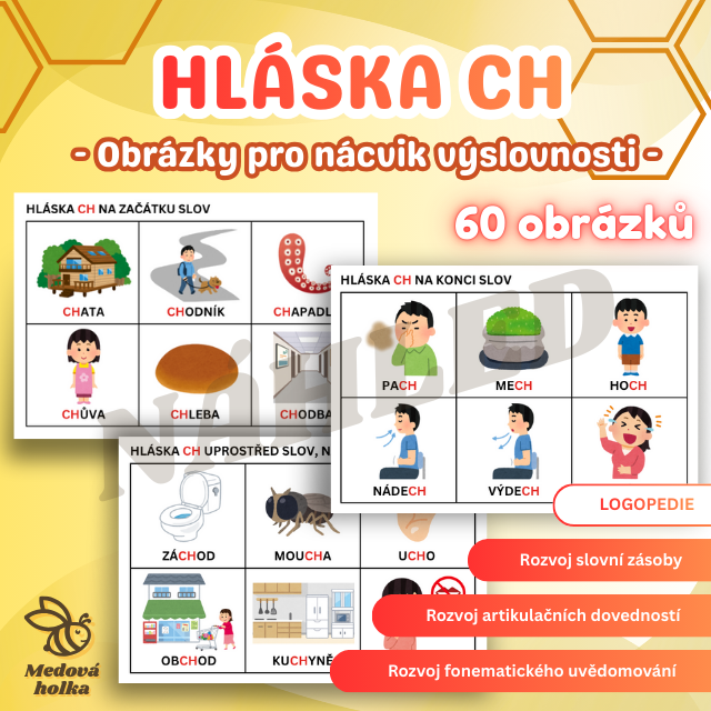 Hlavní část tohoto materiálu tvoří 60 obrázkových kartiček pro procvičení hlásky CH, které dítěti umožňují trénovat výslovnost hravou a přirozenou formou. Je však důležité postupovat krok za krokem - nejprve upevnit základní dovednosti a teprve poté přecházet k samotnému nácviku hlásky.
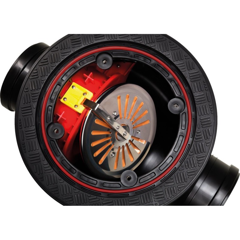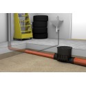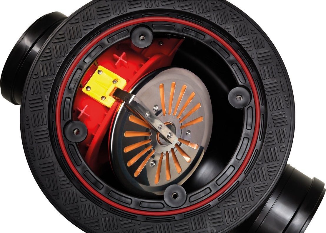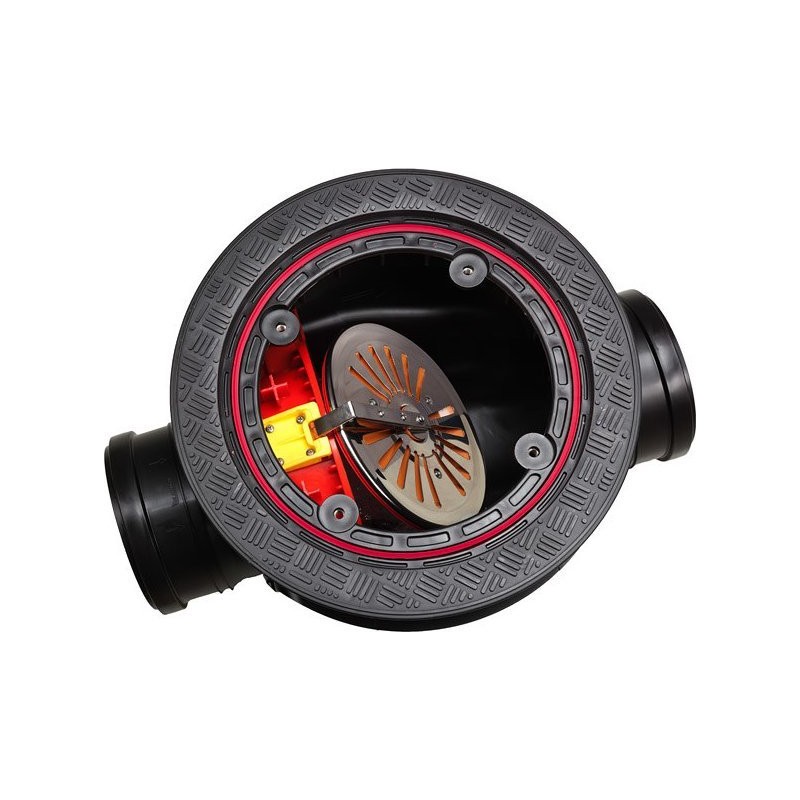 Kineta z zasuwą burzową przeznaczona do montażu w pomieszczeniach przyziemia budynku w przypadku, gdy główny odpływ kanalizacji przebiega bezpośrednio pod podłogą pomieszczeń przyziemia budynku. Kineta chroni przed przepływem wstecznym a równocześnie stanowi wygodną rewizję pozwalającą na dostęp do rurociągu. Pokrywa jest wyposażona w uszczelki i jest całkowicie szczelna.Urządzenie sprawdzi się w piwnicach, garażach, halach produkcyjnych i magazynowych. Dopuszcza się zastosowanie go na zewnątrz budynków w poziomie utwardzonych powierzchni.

==

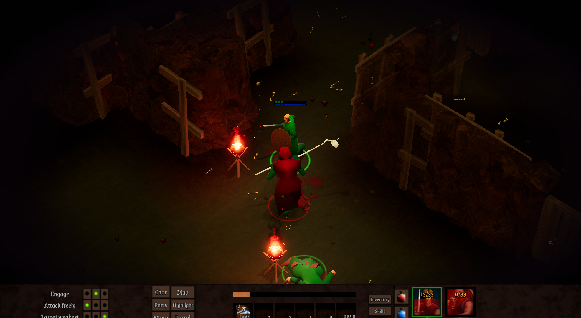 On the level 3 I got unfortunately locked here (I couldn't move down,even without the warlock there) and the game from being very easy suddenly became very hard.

=== HOW TO COMPLETE THIS TASK ===
Output exactly those lines of the data above that run from the line with "Hlavní část tohoto" up to and including the line with "Kineta z zasuwą". No pictures go in.

=== TASK RESULT ===
 Hlavní část tohoto materiálu tvoří 60 obrázkových kartiček pro procvičení hlásky CH, které dítěti umožňují trénovat výslovnost hravou a přirozenou formou. Je však důležité postupovat krok za krokem - nejprve upevnit základní dovednosti a teprve poté přecházet k samotnému nácviku hlásky.
 Kineta z zasuwą burzową przeznaczona do montażu w pomieszczeniach przyziemia budynku w przypadku, gdy główny odpływ kanalizacji przebiega bezpośrednio pod podłogą pomieszczeń przyziemia budynku. Kineta chroni przed przepływem wstecznym a równocześnie stanowi wygodną rewizję pozwalającą na dostęp do rurociągu. Pokrywa jest wyposażona w uszczelki i jest całkowicie szczelna.Urządzenie sprawdzi się w piwnicach, garażach, halach produkcyjnych i magazynowych. Dopuszcza się zastosowanie go na zewnątrz budynków w poziomie utwardzonych powierzchni.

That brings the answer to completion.